Ancient Greece Archaeologists To Resume Survey of Famous Antikythera Shipwreck

Archaeologists To Resume Survey of Famous Antikythera Shipwreck

Discoveries from the Antikythera shipwreck on display in Athens’ Archaeological Museum

The underwater archaeological survey at the Antikythera shipwreck site, which has been suspended since 2017, will resume in the near future, according to an announcement made by the Ekaterini Laskaridi Institution on Friday.
The Institution is responsible for supplying the research vessel “Typhoon” for the needs of the important maritime archaeological research project.
“The aim of the archaeological survey that will start in the next few days is the recovery of antiquities, to update the mapping of the archaeological site and evaluate the condition of the shipwreck after two years,” the Institution’s announcement stated.
The long-time director of the survey, Dr.
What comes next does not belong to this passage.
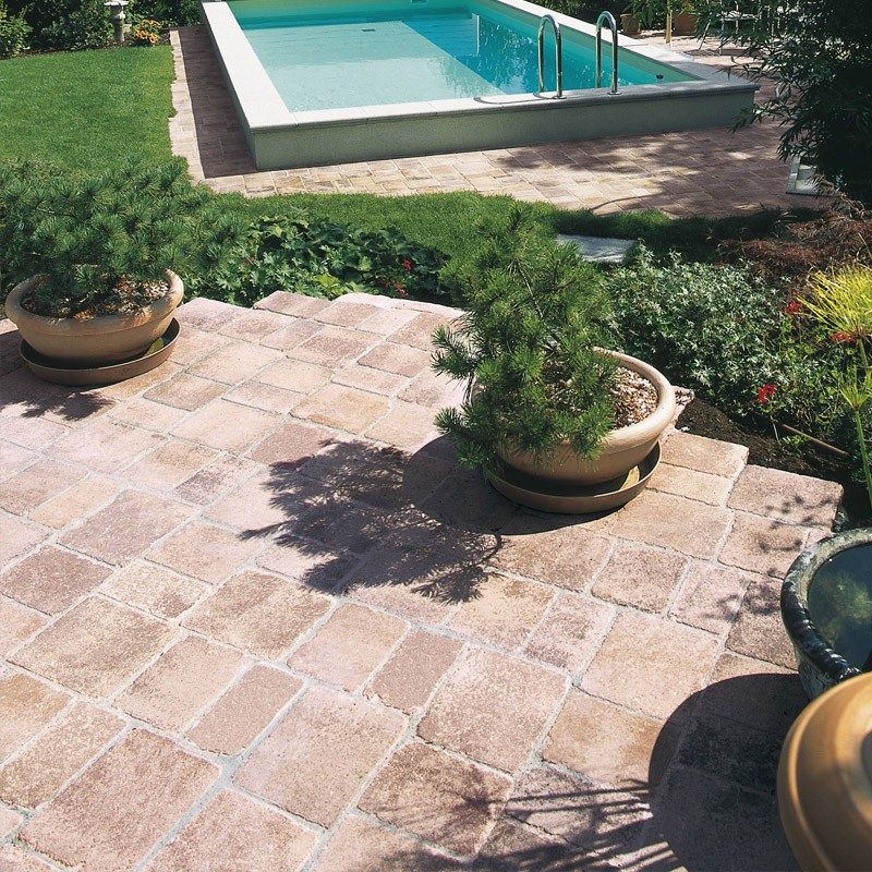 Antikolt hatású, lávavörös, egyenetlenül töredezett, kombi térkő, hullámos élekkel és finoman árnyalt, természetes, enyhén karcolt felülettel, a tradicionális stílus kedvelőinek.

Angeliki Simosi, head of the Euboea Antiquities Ephorate, will once again lead the mission, which includes a team of exceptional Greek scientists from various disciplines.
The specialists involved in the fascinating project include marine archaeologists, scuba divers, cameramen and a team of four deep-sea divers from the Greek Coast Guard’s Underwater Missions Unit.
The research vessel “Typhoon” adds a new dimension to the survey project since, in addition to its size, it can also remain in a fixed location above any point on the seabed, which enables divers to use it as a stable base for dives over the exact location of the shipwreck.
The mission is once again supported by the watchmaker Hublot and the island municipality of Kythera.
Studies at the Antikythera archaeological site involve a Roman-era shipwreck which dates back to the second quarter of the first century BC. It was discovered by sponge divers off the shores of the Greek island of Antikythera in the year 1900.